Вообще, есть какая-то горькая горечь в судьбе этой женщины, будто бы кто-то нарочно решил посмеяться над ней. В сорок лет овдоветь, пережить всех родных и детей; всю жизнь принимать младенцев и остаться без внуков; похоронить дочь, умершую в затяжных родах (!) от заражения крови; проводить другую дочь в ссылку, из которой та уже не вернется; потерять всякую связь с первенцем, оказавшимся в эмиграции; умереть в родном городе одинокой глубокой старухой в 1942-м — в самый страшный год Ленинградской блокады… Какие уж там «керосин» и «котлеты», какой уж там быт, который вечно воспаряющая дочь ставила ей в вину! Всё то, чего Елизавета Кузьминична добивалась столь долгим и постоянным трудом, оказалось разрушено. Что ей осталось — воспоминания, редкие визиты поклонников творчества Черубины де Габриак, которых к 1930-м годам не осталось совсем? Вера в Бога?..

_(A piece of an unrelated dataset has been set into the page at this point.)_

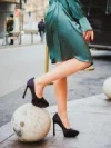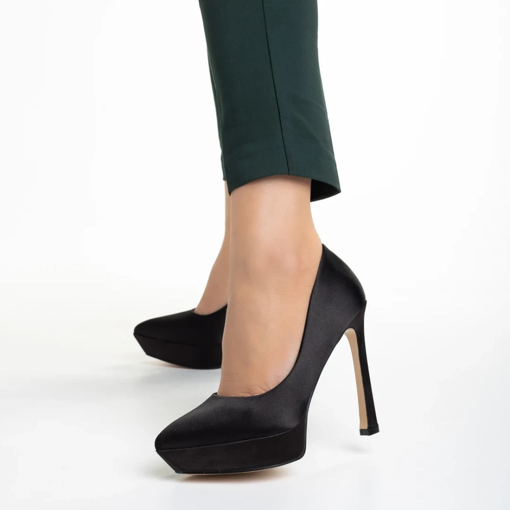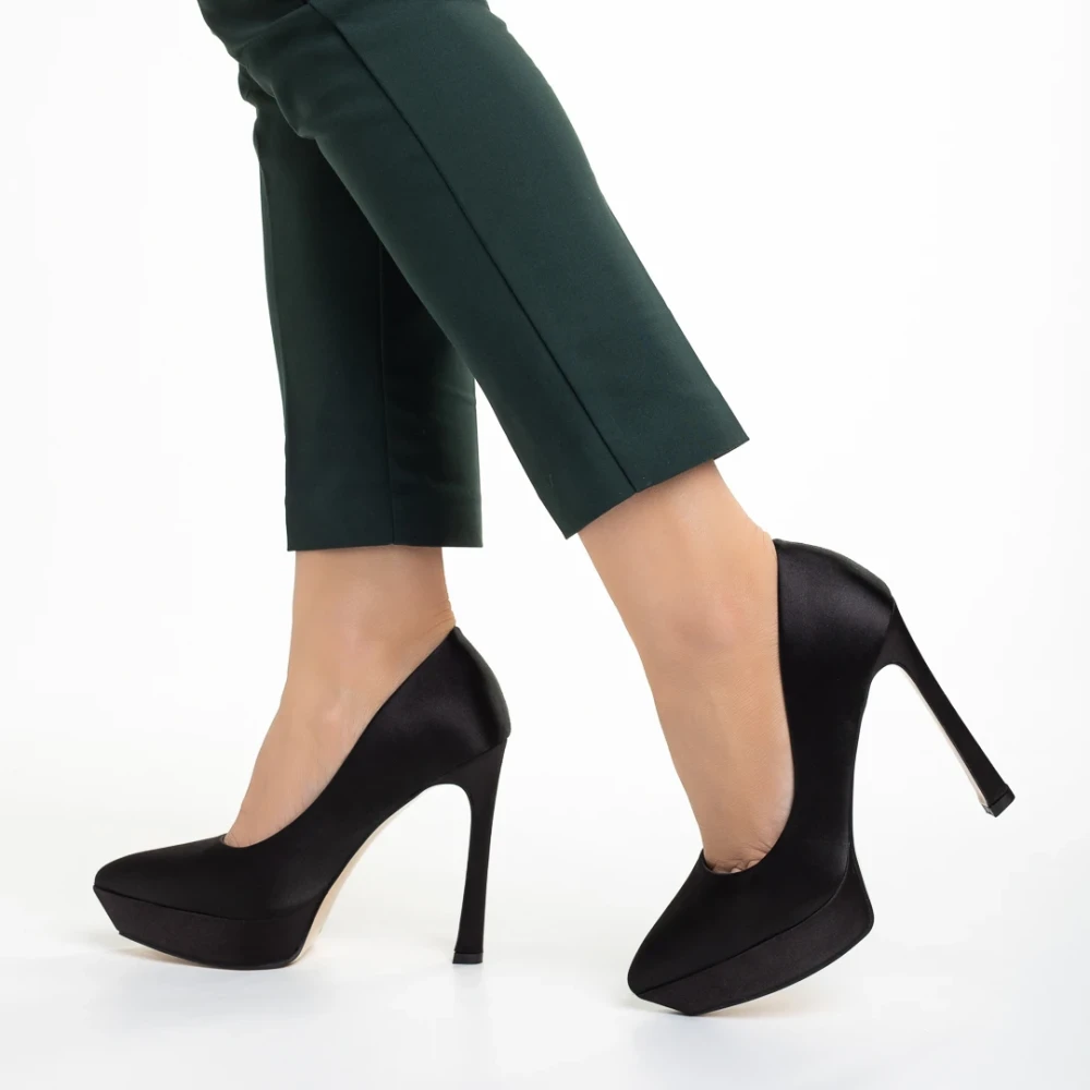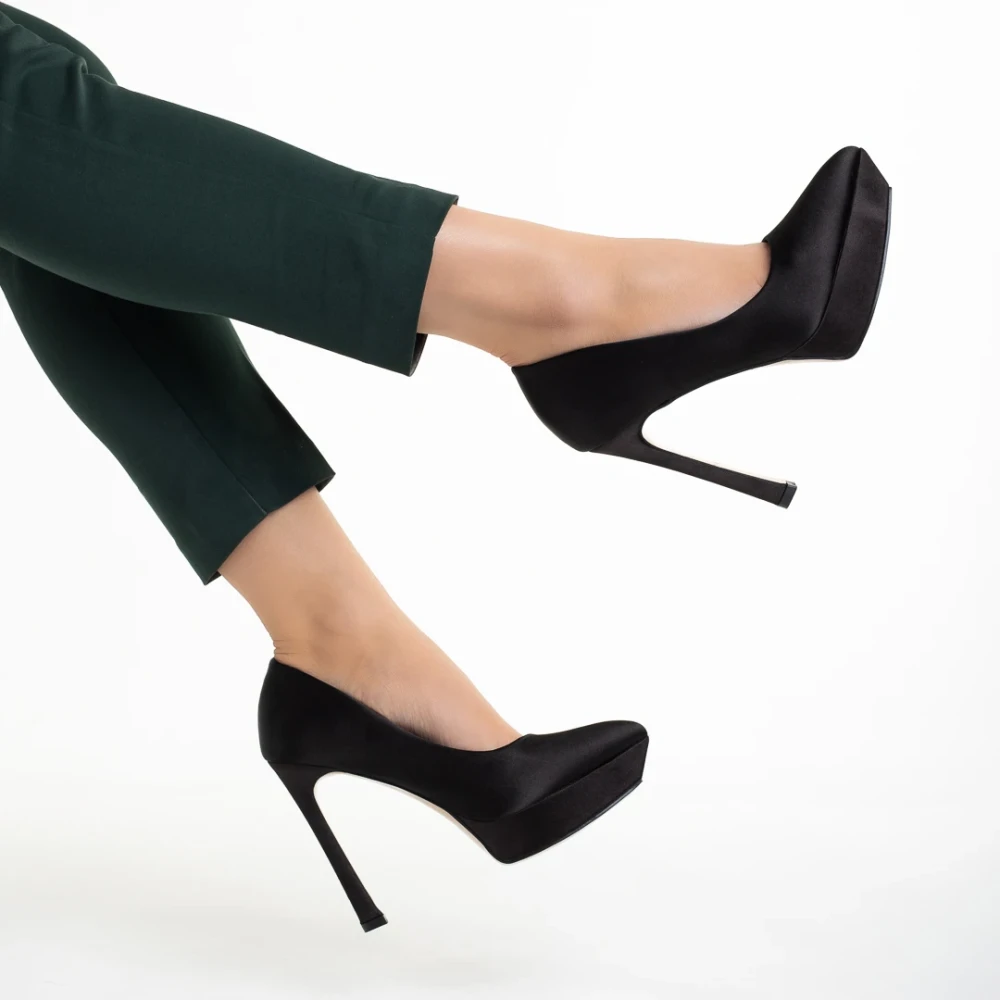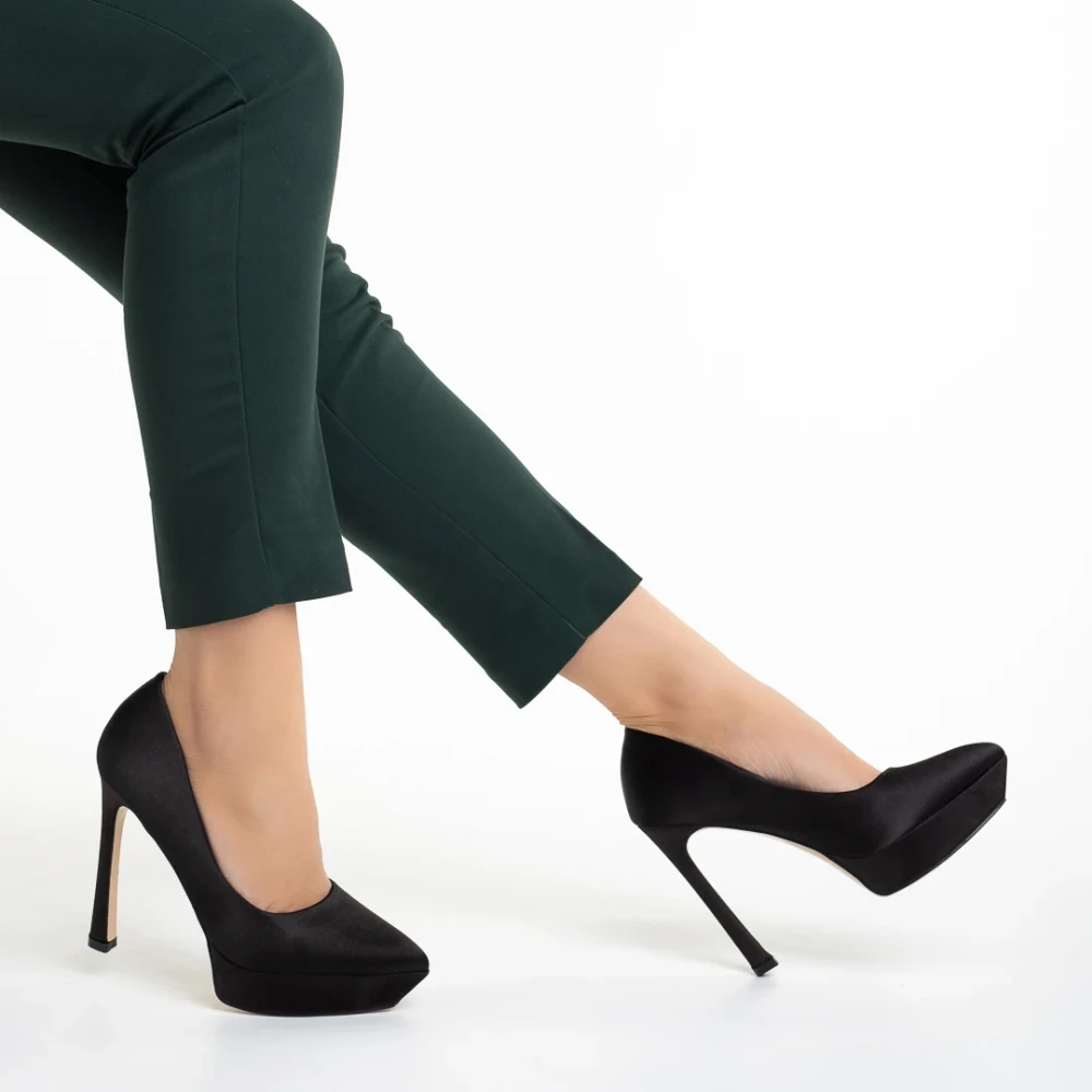 Pantofi dama negri din material textil cu toc Coriana Detalii produs
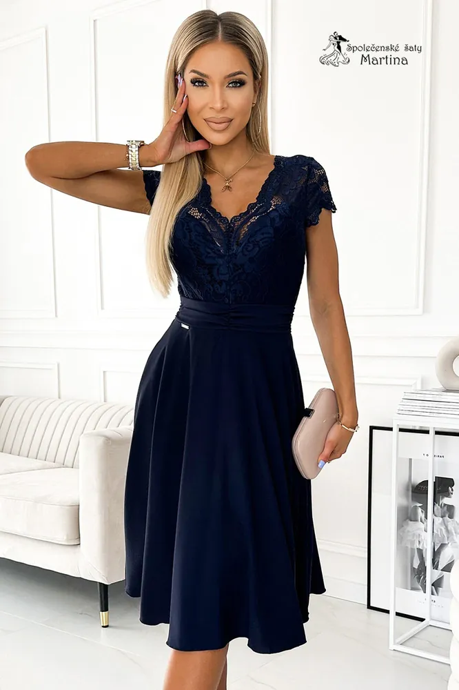 - Tmavě modré midi šaty "Suzette" s šifonovou sukní a krajkovým živůtkem

В недавно изданном романе Е. Чижовой «Город, написанный по памяти» (2018) есть короткий рассказ из 1930-х («маме — семь, значит, 1938-й», — оговаривается Чижова) о «тайной монашенке, одетой в черное»: «Маленькая, сгорбленная (но не согбенная), голова покрыта капюшоном. Не то чтобы мама ее побаивалась, но в комнату к Елизавете Кузьминичне (sic!) заходила редко. На ребенка, выросшего в советской коммуналке, эта комната производит странное, едва ли не пугающее, впечатление: все завешено иконами. От пола до потолка. Скорей всего, храмовыми. Спасенными от большевистского погрома. Но сама ли Елизавета Кузьминична спасала, или выбрана хранителем — этого уже не узнать…» Соблазнительно думать, что этой тайной монашенкой была именно Елизавета Кузьминична Дмитриева, мать Черубины, но даже если не так — описанная Чижовой судьба могла быть и ее судьбой. Учитывая ее набожность и поистине страшные личностные испытания, выпавшие ей на долю, путь тайной монахини, хранительницы подпольной (почти катакомбной) часовни, мог оказаться для нее выбором и спасением. К тому же ведь мать и дочь были очень похожи, а Лиля, и будучи высланной из Ленинграда за антисоветскую деятельность, устроила у себя на ташкентской террасе антропософский «храм» с чтением лекций Доктора Штейнера и собраниями посвященных антропософов!..

В 1938 году Елизавете Кузьминичне Дмитриевой было семьдесят восемь…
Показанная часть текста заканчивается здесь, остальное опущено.